Upendra Baxi, former Vice-Chancellor of the University of Delhi and Emeritus Professor at the University of Warwick, is one of India’s most important legal scholars. His many books include The Crisis of the Indian Legal System (1982); Towards a Sociology of Indian Law (1986); and The Future of Human Rights (2008). In the following exchange, he interviews Madhav Khosla, who teaches law and politics at Ashoka University and Columbia Law School, on his new book, India’s Founding Moment: The Constitution of a Most Surprising Democracy (2020).
Upendra Baxi: Let me say at the outset that I learnt a lot from your fascinating work. I was not aware of the ways in which Carl Schmitt commented on the Constitution or the delightful observations that Dr. Ambedkar made on Jeremy Bentham’s aborted endeavours to write constitutions for Latin American societies! You present a superb discussion of legal centralists and pluralists and suggest ways in which there was more shared understanding with Ambedkar and Nehru than with Gandhi and Ambedkar.

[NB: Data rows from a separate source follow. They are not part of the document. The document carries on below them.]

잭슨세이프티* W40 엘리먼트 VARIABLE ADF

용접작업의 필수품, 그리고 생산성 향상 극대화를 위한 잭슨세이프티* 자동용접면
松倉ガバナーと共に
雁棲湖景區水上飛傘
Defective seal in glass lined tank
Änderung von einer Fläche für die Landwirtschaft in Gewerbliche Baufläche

It helped to me also to further address the magnificent paradox:
But you also seem to suggest that those who claim to know its ‘founding’ moment do not seem to grasp its overall ‘design’. You say, for example, that among ‘scholars of the period, the constitutional founding itself has provoked hardly any curiosity’ offering the example of the adoption of universal suffrage. But then what we may say about the dialectics of enfranchisement and disenfranchisement ever present in the Constitution as put to work? Adult suffrage means the right to contest and the right to vote. The system of legislative reservations, renewed every ten years, imposes restrictions on right to contest and has been held as constitutional. Parliament and state legislatures can impose disqualifications on offering oneself as a candidate. These may even include minimum educational qualifications or for not building a toilet for the family. Rajya Sabha Members need not be domiciliary of the state and may have no connection with it. How may be a totally contingent phenomenon be regarded as foundational?

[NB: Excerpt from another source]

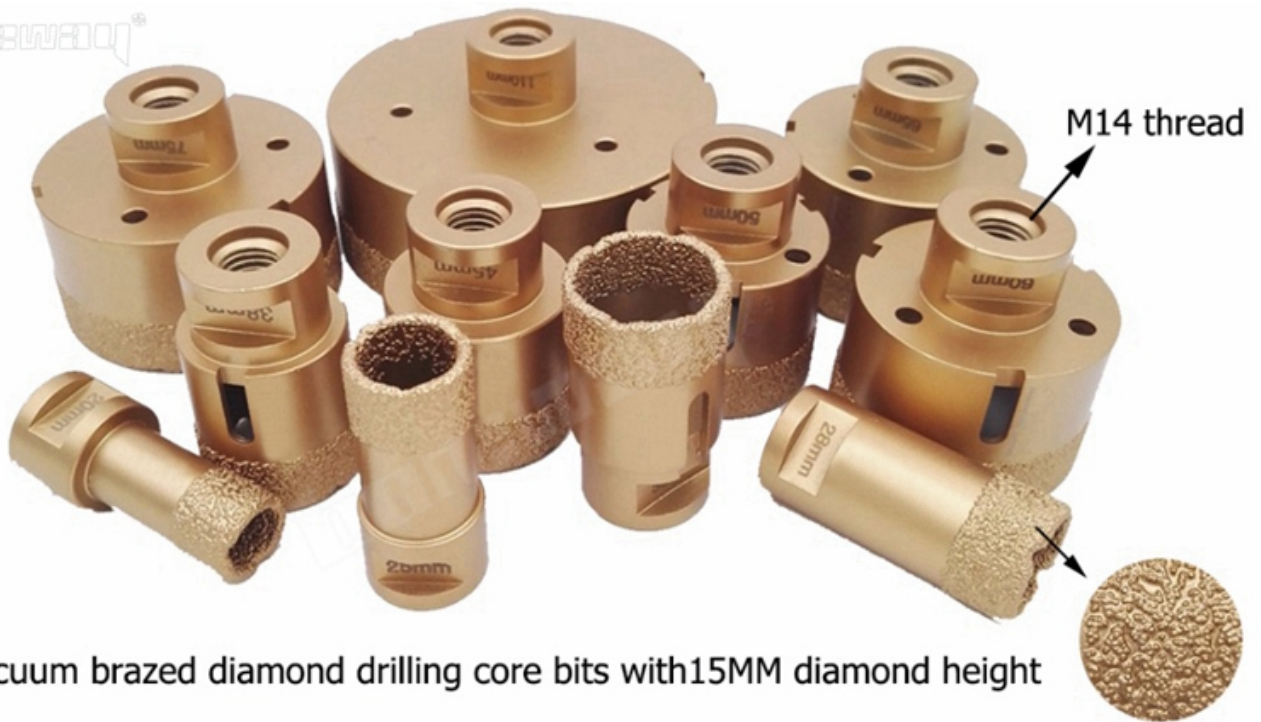
Vacuum brazed diamond drilling core bits with 15MM diamond height

Madhav Khosla: I should begin by thanking you for your careful reading of the book. Your observation is entirely right. Questions about the meaning of adult suffrage have been a major theme in Indian constitutional practice, and I think that we might say two things about the way in which the theme has played out. First, I think that this isn’t surprising. In all modern constitutional democracies, there are important and contentious debates around the rules that govern political representation, and India is no exception to this as a general matter. Secondly, one striking feature of our doctrine on voting and related matters is the lack of faith that it displays in democratic practices. In a way, one might say that India’s founders had more faith in the people than the leaders and officials that have governed after independence. The Supreme Court, for example, does not even recognize the right to vote as a constitutional right! The claim that I make, about India’s adoption of universal suffrage, is not to deny that there has been an inevitable dialectic of enfranchisement and disenfranchisement after the founding, but merely to suggest that the adoption was nonetheless radical for the time and circumstances under which it was made, and that the dialectic that we would have encountered with a different set of founding decisions may well have been different.

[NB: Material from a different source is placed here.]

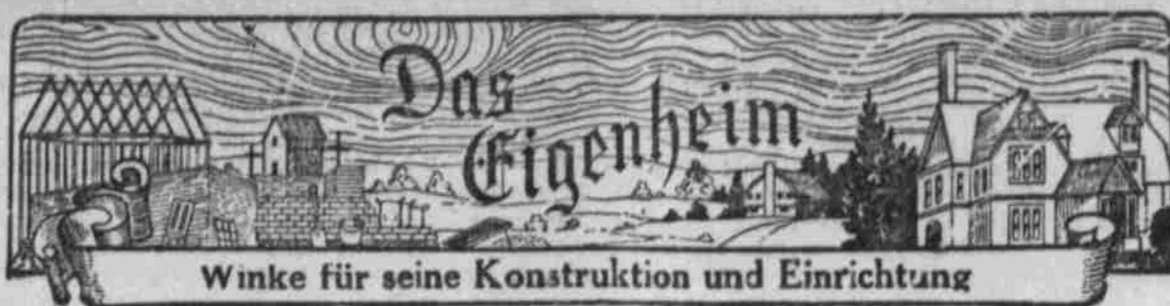
Winke für seine Konstruktion und Einrichtung

OMAHA & COUNCIL BLUFFS STREET RAILWAY COMPANY

Upendra Baxi: As a student of legal semiotics, I very much like the theoretical frame you provide for the term ‘codification’ which consists in providing just a technical jural meaning but also the wherewithal for the construction of social meaning. You are also right in averring that ‘the Constitution created a space for the creation of an inter-subjective social meaning for the ‘creation of rules focused on enabling actors to form an understanding of the actions that they were performing’. You also say with righteous conviction that ‘the more pressing question is how they might arrive at such legislatures and courts’ and the ‘primary task, in situations like India’s founding, is to establish the apparatus that can make the debate over legitimacy even possible’. You further illustrate all this by drawing a rather sharp distinction between legal and political constitutionalists.
It may be helpful for the readers if in rearticulating this distinction you were to proceed to illuminate us with whether it is one of degree rather than kind and whether you would extend it to constitution-makers themselves. It may also be worthwhile to demonstrate how social meaning is fostered by judicial review – whether by plurality of judicial opinions or situations of dissent speaking to the future interpretive tasks?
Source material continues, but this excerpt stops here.